Converging data stacks

Although data analytics and data science are quite unique disciplines, there is considerable overlap in the data processing steps used to effectively achieve them. Both benefit from having access to large amounts of high-quality data stored in a centralized location as well as efficient and reliable processes to bring data from sources to these central repositories. Until recently, work has been duplicated with separate technologies for the different fields, in a data warehouse for analytics and business intelligence and as a data lake for data science and machine learning. A number of new services are working on merging these data stacks into a single environment, and this article will provide an overview of these services and the value they can add to a data organization.

Benefits of a Modern Data Science Stack

A modern data stack is a collection of technologies that bring and store multiple data sources to a centralized cloud data warehouse that has become popular in analytics. It can be extended to accommodate machine learning workloads into something called the modern data science stack. A modern data science stack removes silos and services performing duplicate work for data analytics and data science teams and moves models closer to data they are training with and using to make predictions, easing the shift from model-centric AI development to data-centric AI development. Many organizations have a considerable investment in data warehousing technologies to keep the environment secure, governed, operational, organized and performant, but data loses all of these qualities the moment it is sampled from a data warehouse to a data lake.

There are three more, less obvious benefits I would also like to highlight that I discovered since my transition to a modern data science stack. Having models stored in a data warehouse means their predictions can be stored as well and obtained via SQL queries. Performing table lookups instead of requiring embedded models or frameworks to use machine learning can go a long way in democratizing the use of machine learning in an organization. Also, because each step of the machine learning process happens in the same place on the same data, there is less of a chance for differences between data being sent to models at training time and at serving time, which means training-serving skew and the tools used to detect it can largely be avoided.  Finally, since every step of the machine learning process can be performed as SQL, it becomes straightforward to compose the different steps together into a data pipeline with a tool like Apache Airflow.

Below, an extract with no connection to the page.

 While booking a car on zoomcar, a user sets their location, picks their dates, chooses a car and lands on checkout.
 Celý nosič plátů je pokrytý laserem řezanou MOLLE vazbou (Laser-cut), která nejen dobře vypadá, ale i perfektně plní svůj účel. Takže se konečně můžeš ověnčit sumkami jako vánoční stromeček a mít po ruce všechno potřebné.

Overview of In-Warehouse Machine Learning Services

BigQuery ML & Redshift ML

Redshift Vs Bigquery

AWS and Google Cloud both recently added machine learning capabilities to their data warehouses, Redshift (left) and BigQuery (right).

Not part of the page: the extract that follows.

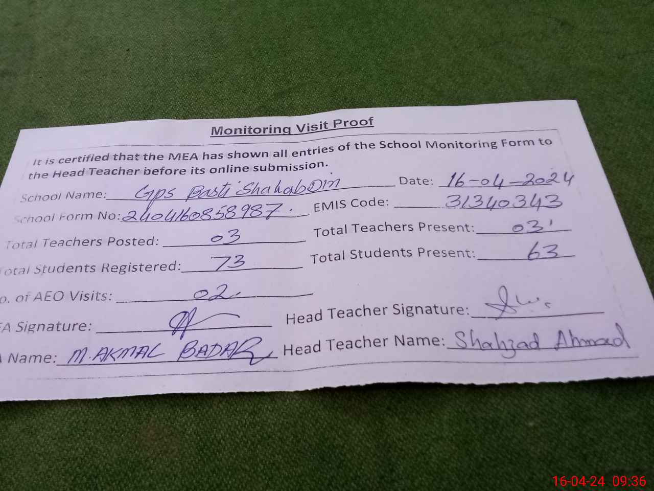 | EMIS Code: 31340343 | Name of School: GPS BASTI SHAHAB DIN | |||

BigQuery ML and Redshift ML add machine learning capabilities to BigQuery and Redshift, Google Cloud Platform’s and AWS’s respective data warehouses. AWS just recently announced the general availability of Redshift ML, and BigQuery ML has been available for some time.

Both extend SQL syntax with a CREATE MODEL command that allows for the creation of machine learning models and the specification of parameters such as model type, the table to be used as training data, and the target feature to generate predictions on. These new SQL commands leverage automated machine learning processes to provide data transformations and model tuning to identify the best performance among candidate models. Custom models can be used with each as well and offer considerable flexibility in model architecture and performance, but each has some restrictions in development. Custom models have to be saved as TensorFlow models to be used in BigQuery, and Redshift ML must use models deployed with the AWS data science development platform SageMaker. Once models are either trained or imported into the warehouse, SELECT statements can be used with FROM specifying a trained model in place of a table to invoke inferences, which can then easily be inserted into a predictions table in the warehouse for use, auditing, and error analysis.

Snowflake & Other Options

Snowflake has said that their “entire initiative in AI and ML has been to build extensibility into [their data warehouse] so you can interface with your tool of choice.” AWS’s Sagemaker platform mentioned earlier is an example of an ML tool Snowflake can integrate with, and Databricks is as well. More impressive development is happening at Databricks, which just released version 1.0.0 of Delta Lake, which converges data analytics and data science technology stacks from the opposite direction. Instead of bringing machine learning capabilities to a data warehouse, Delta Lake adds traditional analytics and business intelligence capabilities like ACID transactions to a data lake into a new data lakehouse architecture that provides similar benefits to a modern data science stack.

Review

If your organization is interested in performing both data analytics and data science, there are a number of options to facilitate the two disciplines, but there’s too much in common between their data pipelines to have separate tooling for data ingestion, storage, and transformations for separate workloads. In-warehouse machine learning tools can be used to build a modern data science stack that can remove the silos that occur in the data engineering and model serving components of a data science practice by moving everything data and the practitioners operating on that data to a centralized location.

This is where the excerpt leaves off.